Phasing and Imputation

Introduction

Phasing and imputation are two critical processes in the field of genetic variation. Phasing refers to the process of separating maternally and paternally inherited copies of each chromosome into haplotypes. The goal of phasing is to get a complete and accurate representation of each copy of the genome or region of interest. Imputation, on the other hand, is the statistical inference of unobserved genotypes. It is achieved by using known haplotypes in a population.

The importance of phasing and imputation in genetic variation field is significant, especially in genome-wide association analysis pipelines. Phasing provides a complete picture of genetic variation, which is crucial for understanding the breadth of biological variation within a species. Imputation, meanwhile, allows researchers to infer the identity of a missing marker based on the surrounding variants.

Run BEAGLE to phase and impute your VCF file.

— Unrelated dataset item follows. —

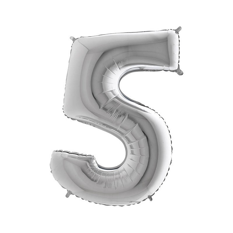 PALLONE NUMERO 5 MYLAR 102cm 40" ARGENTO

BEAGLE can be found in the Genetic Variation Module of OmicsBox.The wizard consists of 3 pages and allows to define the input and output options as well as the analysis parameters (Figure 1, Figure 2).

Input

In the first page you will be able to select the VCF input file. The VCF file must contain variants from multiple samples and all samples must have the same ploidy (i.e., it is not possible to have a VCF file with mixed ploidy).

Configuration

In this page you will be able to select parameters related to phasing and imputation, and other general parameters.

Phasing Parameters:
Max. Burn-in Iterations: the ‘Burn-in’ term describes the practice of throwing away some iterations at the beginning of a Markov chain Monte Carlo (MCMC) run. this parameter set the maximum number of burn-in iterations used to estimate an initial haplotype frequency model for inferring genotype phase.
Phasing Iterations: number of iterations to estimate a genotype phase. The greater the value, the longer the computation time and the higher the accuracy.
Model States for Phasing: number of models used to estimate the phasing of a genotype.
Imputation Parameters:
Model States for Imputation: number of models used to estimate a genotype.
Imputation Segment: minimum length of haplotypes in centiMorgan (cM) that will be incorporated in the Hidden-Markov Model (HMM) for a target haplotype.
Imputation Step: length in cM of the step used for detecting short Identity-By-State (IBS) segments.
Number of Imputation Steps: number of steps to find IBS segments.
Cluster Size: specifies the maximum cM distance between individual markers that are combined into an aggregate marker when imputing ungenotyped markers.

Identity by state is a method to measure similarity between unrelated individuals. It just considers the similarity between genotypes at each locus and averages over all the loci of interest. Two haplotype segments are identical by state if they are the same but they do not come from a common ancestor.

General Parameters:
Estimate Effective Population Size: if this parameter is checked, BEAGLE wil calculate the effective population size using an expectation maximization (EM) algorithm.
Effective Population Size: specifies the effective population size. Beagle will automatically estimate the effective population size prior to phasing unless the previous parameter is unchecked.
Sliding Window: specifies the cM length of each sliding window.
Overlap Between Adjacent Windows: specifies the cM length of overlap between adjacent sliding windows.

Reducing the value of the Sliding Window parameter will reduce the amount of memory required for the analysis. Nevertheless, a very small window might mean that some slinding windows do not have a lot of variants to estimate genotypes, which will lead in an error.

Output

The main output of BEAGLE will be your phased and imputed VCF file.

After running BEAGLE on your VCF file, the new VCF file will lose the INFO and GT fields; the new VCF file will only have information about the genotypes. Because of that, if you want to filter variants do it before the use of BEAGLE.

Report

In addition to the phased and imputed VCF file, a summary report will be done with input information, parameters that were used in case you want to repeat the analysis with other parameters, and references (see Figure 4).

If there are too few variants in a scaffold or chromosomes, Beagle will throw and error. In OmicsBox, instead of an error, a warning will be thrown to let the user know that the scaffold or chromosome has been removed, and the report will show the name of the scaffolds or chromosomes removed.